社会福祉士の国家試験は難しいように感じますが,決して難しいことを聞いているわけではありません。
今日のテーマは,ロールズが提唱した「格差原理」です。
「正義論」という書籍の中で述べられたものですが,なんと800ページを超える超分厚い本です。
受験ワークブックの共通科目と専門科目の2冊を1冊にまとめたほどのボリュームがあります。
これだけ分厚い本なので,どこからでも出題できそうですが,決してそんなことはありません。
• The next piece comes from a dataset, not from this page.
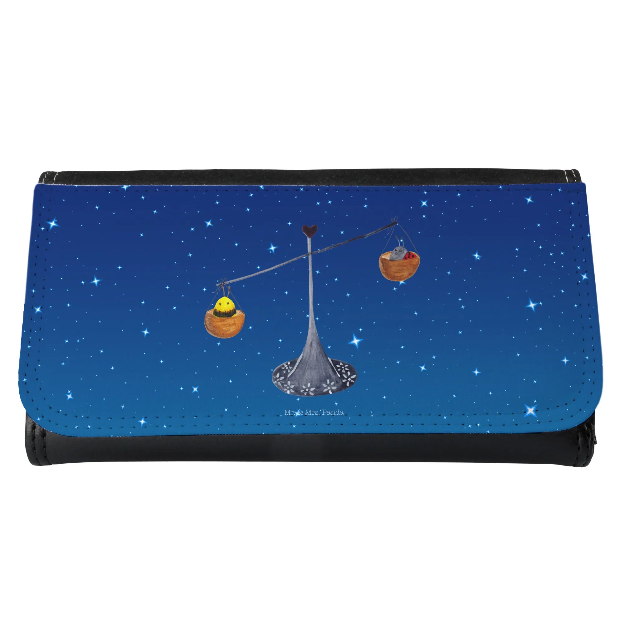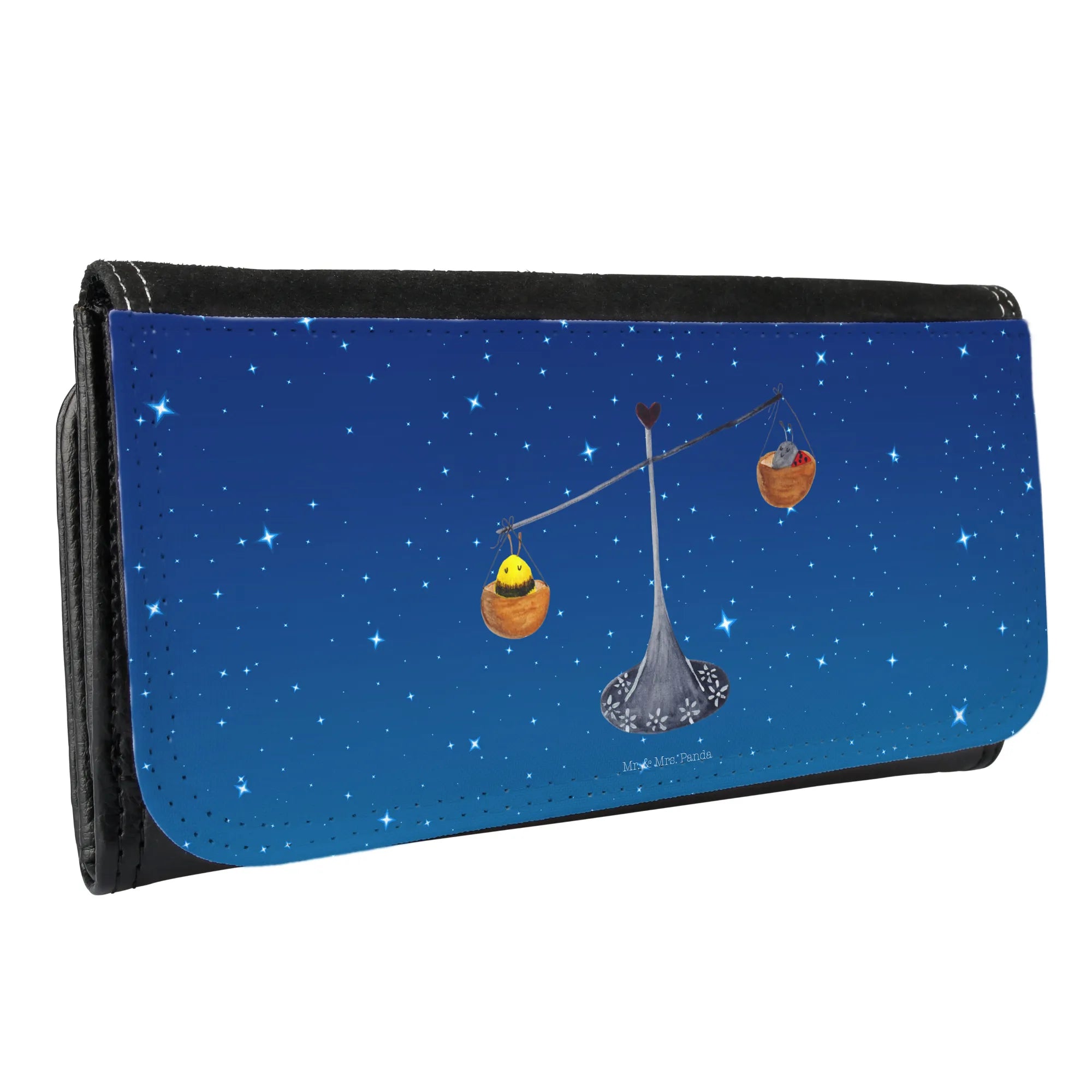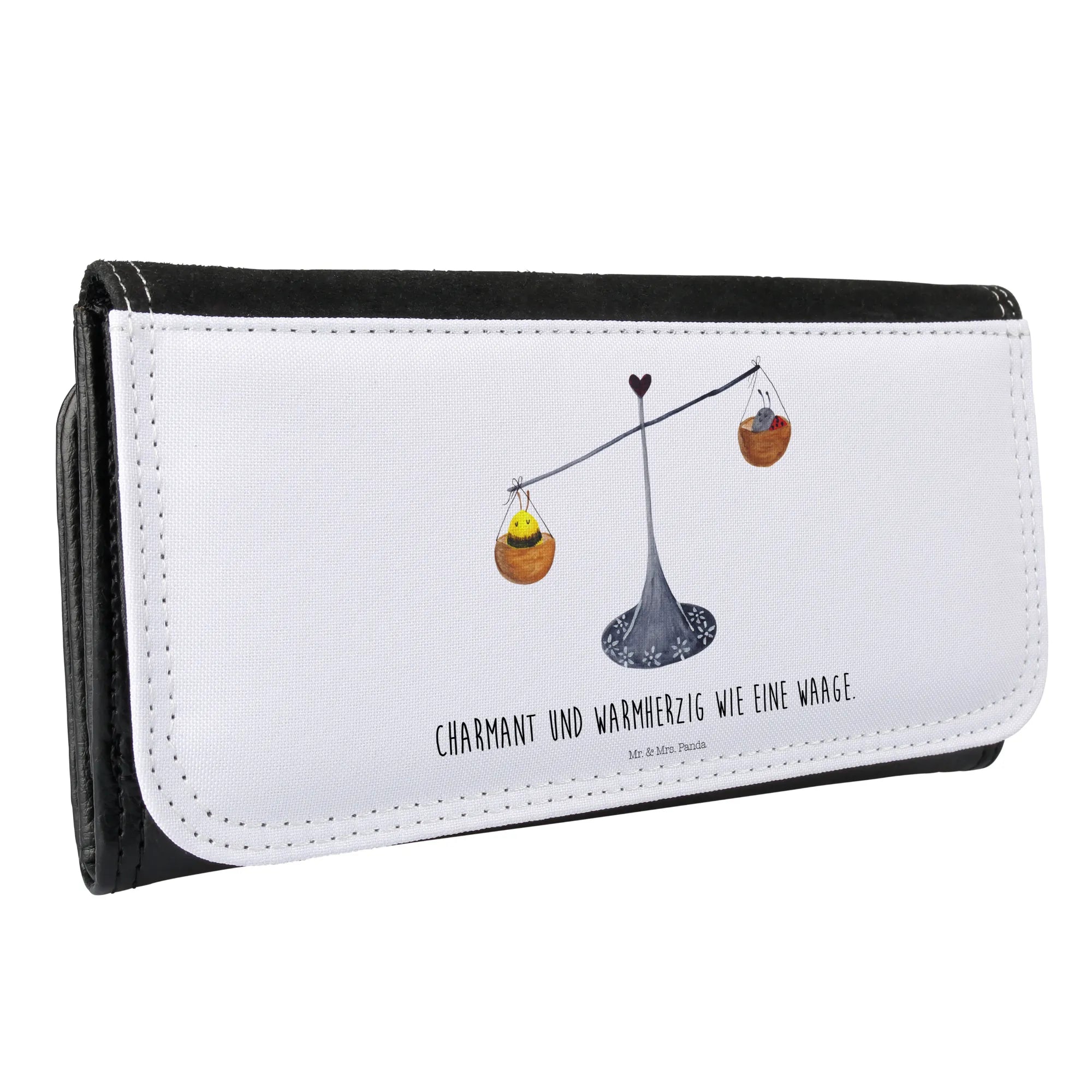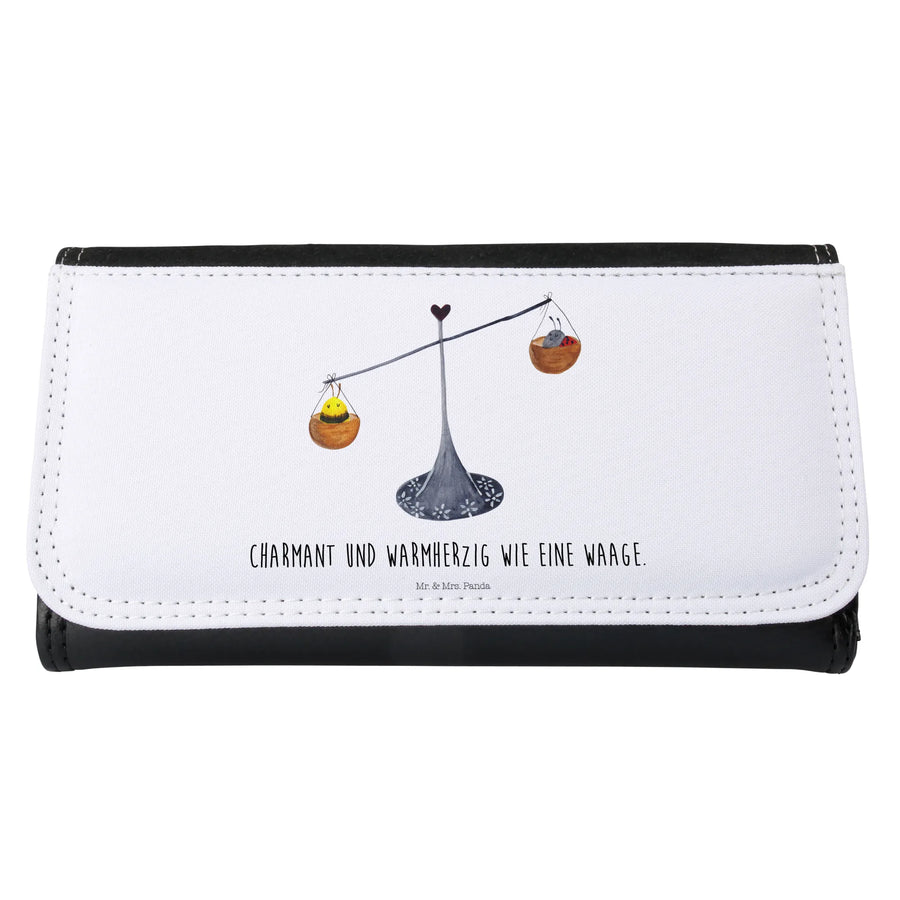 Entdecke das perfekte Damen Portemonnaie mit dem zauberhaften Sternzeichen-Motiv der Waage von Mr. & Mrs. Panda! Dieses wunderschöne Portemonnaie ist nicht nur praktisch, sondern auch ein echter Hingucker. präsentiert mit einer charmanten Zeichnung von einer Waage, einem Marienkäfer und einer Hummel, verkörpert es das Motto 'Charmant und warmherzig wie eine Waage'. Gefertigt aus hochwertigem Premium Kunstleder, bietet es Robustheit und Langlebigkeit.
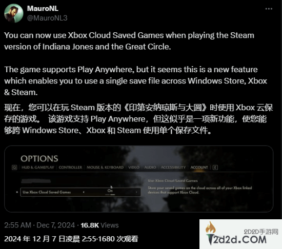 玩家发现,该作的Steam版本也支持Xbox云存档,也就是该作的主机版本和Steam版本存档可以互通,更方便多平台玩家。

これは,正義論に限ったものではありません。社会福祉士の国試に出題されるポイントは極めて固定的です。
そこを押さえると得点できます。
格差原理とは
格差はあっても良いが,その格差は,最も不遇な人を恩恵があるように使われる場合に認められる。
これを押さえたところで今日の問題です。
第30回・問題22 ロールズ(Rawls,J.)が論じた「正義」に関する次の記述のうち,最も適切なものを1つ選びなさい。
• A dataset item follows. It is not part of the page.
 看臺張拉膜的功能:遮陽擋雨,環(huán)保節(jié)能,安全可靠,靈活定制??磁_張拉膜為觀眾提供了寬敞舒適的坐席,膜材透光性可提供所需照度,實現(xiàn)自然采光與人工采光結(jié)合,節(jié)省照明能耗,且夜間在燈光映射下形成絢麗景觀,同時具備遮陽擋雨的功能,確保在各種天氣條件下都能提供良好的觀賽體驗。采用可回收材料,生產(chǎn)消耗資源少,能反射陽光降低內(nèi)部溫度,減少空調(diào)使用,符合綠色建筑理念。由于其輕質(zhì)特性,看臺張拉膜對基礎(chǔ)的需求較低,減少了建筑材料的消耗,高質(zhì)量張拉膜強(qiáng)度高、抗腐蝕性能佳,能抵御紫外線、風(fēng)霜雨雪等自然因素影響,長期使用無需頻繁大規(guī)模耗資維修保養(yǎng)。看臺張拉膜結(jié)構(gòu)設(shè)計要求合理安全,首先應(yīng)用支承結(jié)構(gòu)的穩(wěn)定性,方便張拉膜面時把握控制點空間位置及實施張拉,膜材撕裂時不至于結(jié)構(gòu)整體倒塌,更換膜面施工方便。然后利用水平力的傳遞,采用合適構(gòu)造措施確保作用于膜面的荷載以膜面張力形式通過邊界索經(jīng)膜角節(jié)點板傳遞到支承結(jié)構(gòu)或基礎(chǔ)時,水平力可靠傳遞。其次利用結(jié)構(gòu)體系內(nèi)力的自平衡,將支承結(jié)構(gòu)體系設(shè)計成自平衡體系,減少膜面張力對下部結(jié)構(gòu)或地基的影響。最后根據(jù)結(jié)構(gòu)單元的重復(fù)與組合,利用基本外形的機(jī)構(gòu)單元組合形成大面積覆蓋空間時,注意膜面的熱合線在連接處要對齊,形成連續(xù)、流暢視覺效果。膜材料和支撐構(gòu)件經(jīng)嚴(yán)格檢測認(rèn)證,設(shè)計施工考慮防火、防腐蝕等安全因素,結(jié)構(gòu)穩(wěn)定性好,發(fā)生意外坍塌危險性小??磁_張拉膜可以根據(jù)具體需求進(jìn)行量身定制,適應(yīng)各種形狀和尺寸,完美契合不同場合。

1 成員の快楽の総和を最大化する社会が,最も望ましいと論じた。
2 社会で最も不遇な人の最大の便益となるように,資源配分の是正が行われるべきであると論じた。
3 諸個人に対する平等な基本的自由の実現が不可能であることを前提に,正義を論じた。
4 「無知のヴェール」に包まれた個人を想定した議論では,功利主義的な社会が構想されることになると論じた。
5 「さまざまな生き方」を選べる基本的なケイパビリティを平等に配分することが,正義であると論じた。
格差原理のことがわかっている人にとっては,とても簡単な問題だと思います。
しかし,わかっていない人にとっては,答えの見当をつけるのはかなり困難なのではないかと思います。
正解は,選択肢2です。
2 社会で最も不遇な人の最大の便益となるように,資源配分の是正が行われるべきであると論じた。
アメリカは,成功を夢見てアメリカに渡ってきた人も多くいる国です。
ロールズは,アメリカの哲学者です。格差があることは当然のこととして,格差を不遇な人に使うことを考えたのが格差原理です。
1 成員の快楽の総和を最大化する社会が,最も望ましいと論じた。
これは,最大多数の最大幸福で知られる功利主義です。
ロールズの正義論は,功利主義に異を唱えたものです。
3 諸個人に対する平等な基本的自由の実現が不可能であることを前提に,正義を論じた。
ロールズが目指したのは,格差を最も不遇な人々に使われることで,諸個人に対する平等な基本的自由を実現することでした。
4 「無知のヴェール」に包まれた個人を想定した議論では,功利主義的な社会が構想されることになると論じた。
「無知のヴェール」とは,個人の属性を覆い隠すものです。そのため,自分の属性に有利になる行動(つまり功利主義)はできません。
5 「さまざまな生き方」を選べる基本的なケイパビリティを平等に配分することが,正義であると論じた。
ケイパビリティ(潜在能力)は,アマルティア・センが論じたもので,格差原理ではありません。
ケイパビリティは,福祉的自由の集合体だと考えるものです。
たとえば,お金があってスマホを購入できてもそれを使える環境がないと使えません。それを使える環境があることで使用することができます。これがケイパビリティの例です。
人前に出るのに恥ずかしくない服を持っていること,出稼ぎせずとも家族の身近で仕事ができることもケイパビリティです。